## YOUR OBJECTIVE:
Pictures excluded, output the lines of the data below between the one holding "ゴーヤの苦みが苦手な方(ビビちゃん)は、砂糖と塩少々で揉んでみてください。" and the one holding "Also auf den", inclusive, exactly as they stand.

(Extracted records)
______
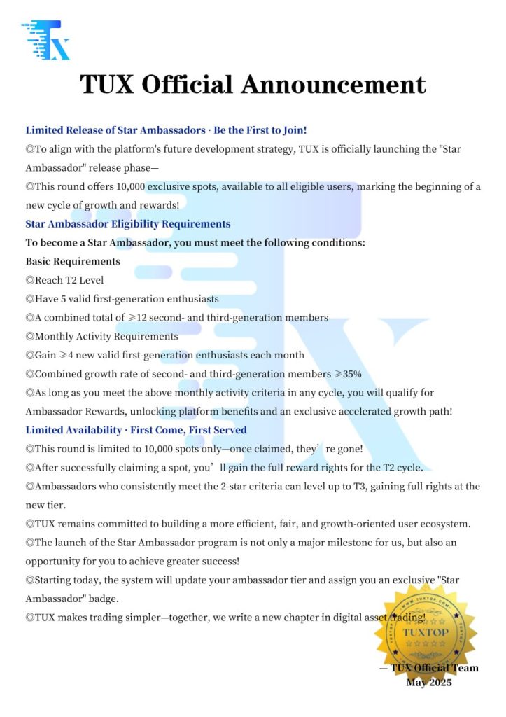 Что думаете про TUX Official Announcement Limited Release of Star Ambassadors – Act Fast!?
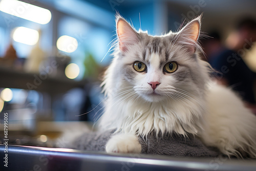 Cat grooming in pet beauty salon. Cat at the Groomer. Grooming
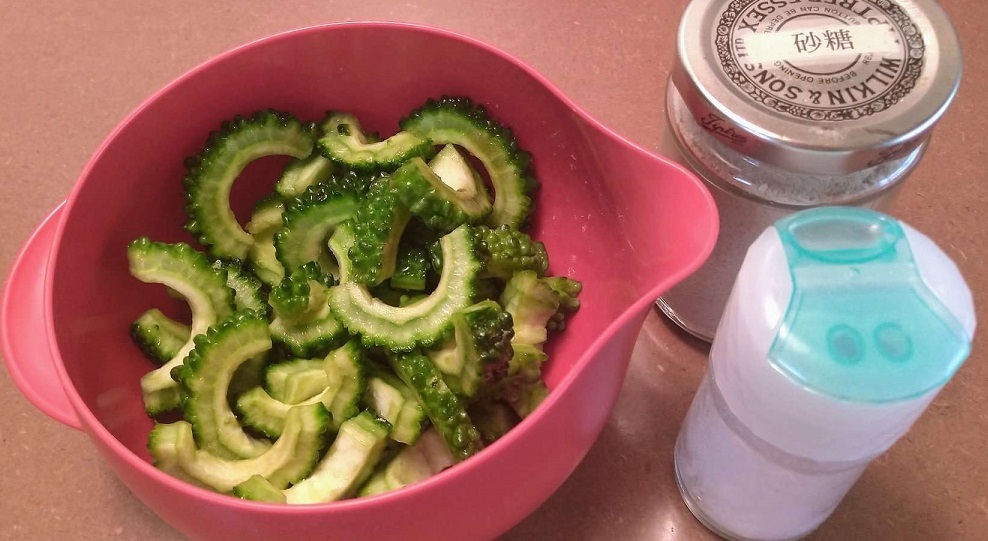 ゴーヤの苦みが苦手な方(ビビちゃん)は、砂糖と塩少々で揉んでみてください。
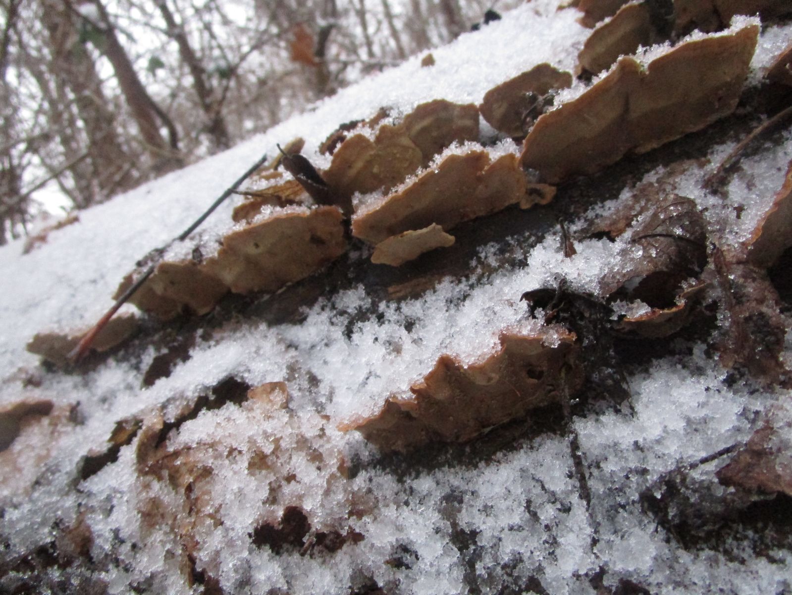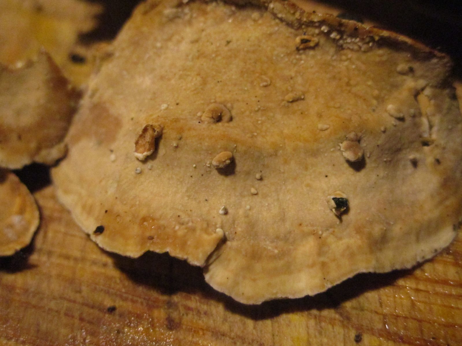 Also auf den Fotos kann ich leider nicht erkennen, ob die Fruchtschicht aus Poren besteht oder nicht - wenn nicht, würde ich irgendein "Stereum" raten - vielleicht subtomentosum?. Raten, wohlgemerkt.
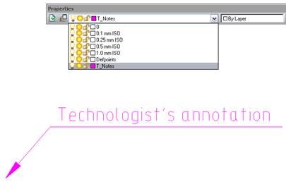 4. Create an annotation using the Notes>Universal notes command from the Draw menu. When the first annotation is being created, a new T_Notes layer is created on the Notes layer base:
______
## EXERCISE RESPONSE:
 ゴーヤの苦みが苦手な方(ビビちゃん)は、砂糖と塩少々で揉んでみてください。
 Also auf den Fotos kann ich leider nicht erkennen, ob die Fruchtschicht aus Poren besteht oder nicht - wenn nicht, würde ich irgendein "Stereum" raten - vielleicht subtomentosum?. Raten, wohlgemerkt.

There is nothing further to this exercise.